Researchers have discovered a subtle twist in the primeval light that formed shortly after the universe came into being. They hope it can reveal new secrets about the moments after the big bang.
This afterglow, called Cosmic Microwave Background, or CMB, was created out of hot ionized plasma some 13.7 billion years ago, when the universe was just 380,000 years old. A small fraction of this light is polarized,meaning the light waves vibrate in one plane.
Researchers had already detected this polarized light in one pattern, known as "electric" or E-mode polarization. But using the South Pole Telescope in Antarctica and the European Space Agency’s Herschel space observatory, researchers for the first time detected polarized light from the cosmic microwave background in the "magnetic" or B-mode.
The observed B-mode pattern arose from gravitational lensing, in which light gets bent and deflected by massive cosmic objects such as galaxy clusters and lumps of mysterious dark matter, researchers said. But there is another way to produce B-modes: primordial gravitational waves produced during the earliest moments of the universe, when it was in its rapid "inflation" phase, mere trillionths of a second after the big bang.

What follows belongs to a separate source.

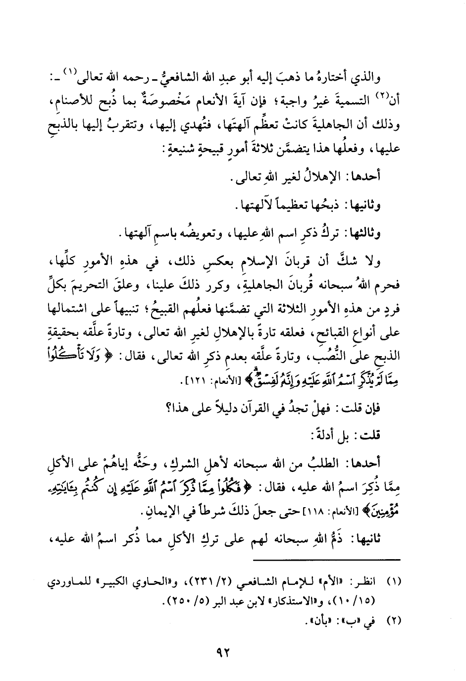 ولا شكَّ أن قربانَ الإسلامِ بعكسِ ذلك، في هذهِ الأمورِ كلِّها، فحرم الله سبحانه قُربانَ الجاهليةِ، وكرر ذلكَ علينا، وعلقَ التحريمَ بكلِّ فردٍ من هذهِ الأمورِ الثلاثة التي تضمَّنها فعلُهم القبيحُ؛ تنبيهًا على اشتمالها على أنواعِ القبائحِ، فعلقه تارةً بالإهلالِ لغيرِ الله تعالى، وتارةً علَّقه بحقيقةِ الذبحِ على النُّصُب، وتارةً علَّقه بعدمِ ذكرِ الله تعالى، فقال: {وَلَا تَأْكُلُوا مِمَّا لَمْ يُذْكَرِ اسْمُ اللَّهِ عَلَيْهِ وَإِنَّهُ لَفِسْقٌ} [الأنعام: 121].

During inflation, the idea goes, the universe expanded faster than the speed of light, doubling in size 100 times or more in just a few tiny fractions of a second. (Einstein’s theory of special relativity holds that no information or matter can travel faster than light through space, but this rule does not apply to inflation, which was an expansion of space itself.)
The new detection should provide a baseline to aid future efforts to measure B-modes produced by gravitational waves, which in turn could reveal a great deal about how our universe grew in its earliest moments, researchers said.